A peine trois mois après le sommet ICANN74 à la Haye, c’est celui de Kuala Lumpur, 75ième édition, qui vient de se tenir. Un second sommet en mode hybride, un mix de présentiel et de distanciel qui revendique près de 2000 participants de 112 pays dont 60% étaient présents sur place. A deux semaines de la désignation particulièrement importante d’un nouveau secrétaire général à la tête de l’Union Internationale des Télécoms, le pendant technique de l’ICANN, l’ICANN a proposé un sommet dense. NAMESHIELD fait le point.

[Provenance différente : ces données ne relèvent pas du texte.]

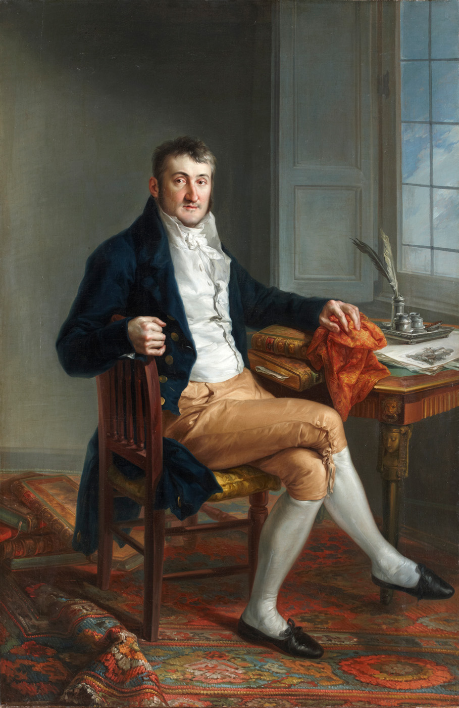 In this vertical painting, a little over 6 feet tall by 4 feet wide, a man (Richard Worsam Meade) sits at his writing desk, and turns slightly to his right to look directly at the viewer. He is seated in the corner of a room; behind him is a dark gray wall that leads to the right wall and a paned window under which the desk is positioned. The window shutters fold open to show a pale blue sky with clouds.Meade’s face is mature but smooth and unwrinkled. He has brown eyes and a small mouth, and there is a flush to his checks and prominent nose. His brown hair is cut short and extends into long, groomed sideburns. He wears a dark blue velvet coat with brass buttons over a white waistcoat and cravat. Meade sits with his right leg crossed over his left knee, displaying gold knee breeches, silvery-white silk stockings, and fitted black leather shoes. His right arm lies across the back of the chair as he grips the top corner to turn and face the viewer. His left arm rests on two books that are stacked on the writing desk: a Tratado de Comercio (Commercial Trade Agreement) and the Ordenes de Bilbao (Orders of Bilbao). In his left hand he holds an orange-patterned cloth that is draped over an unseen object. Business papers on the desk bear the image of the Pillars of Hercules, part of Spanish royal heraldry. Behind the books and papers, there is a silver tray with inkwells and quills.

La sensible désignation d’un nouveau secrétaire général à la tête de l’UIT

Lors de la traditionnelle cérémonie d’ouverture du sommet ICANN75, Goran Marby, l’actuel patron de l’organisation a indiqué « Il faut que l’ICANN puisse continuer sa mission pour un Internet unique ». Cette remarque faisait référence à des craintes liées à la prochaine désignation d’un nouveau secrétaire général à la tête de l’UIT, l’agence des Nations unies en charge de la réglementation et de la planification des télécommunications dans le monde. Après deux mandats, l’actuel secrétaire, le chinois Houlin Zhao, va en effet céder sa place à l’un des deux candidats en lice pour lui succéder : Doreen BOGDAN-MARTIN, une américaine ou Rashid ISMAILOV, un russe. Deux candidats et deux visions différentes des modèles de gouvernance comme l’indique Goran Marby :  «L’un des candidats veut que le transfert de compétences de l’IETF (NDLR : l’Internet Engineering Task Force élabore et promeut des standards Internet) et de l’ICANN aille vers l’ONU ». Lors d’une autre session de questions-réponses avec le Board ICANN, cette élection s’est encore invitée dans les échanges puisqu’il a été question des risques accrus de fragmentation du DNS et du système d’identifiants unique si les missions de l’ICANN sont confiées aux Etats. Plus tard dans la semaine à l’occasion d’une session croisée entre le Board ICANN et le GAC, l’instance des gouvernements, c’est le représentant russe du GAC qui a profité d’une prise de parole pour répondre en russe aux propos initiaux de Goran Marby en cherchant à convaincre les participants que le candidat russe ne souhaite pas démanteler l’internet. Pour mieux étayer ses propos il a communiqué le programme du candidat. Les choses se sont apaisées à la fin de l’ICANN75 lors du traditionnel forum public, dont on pourra regretter qu’il n’a duré qu’une petite heure, un forum où une nouvelle fois le représentant russe du GAC a cette fois pris la parole en anglais indiquant que la Russie n’est pas contre le modèle de gouvernance de l’Internet et qu’il fallait veiller à refléter la position russe avec exactitude.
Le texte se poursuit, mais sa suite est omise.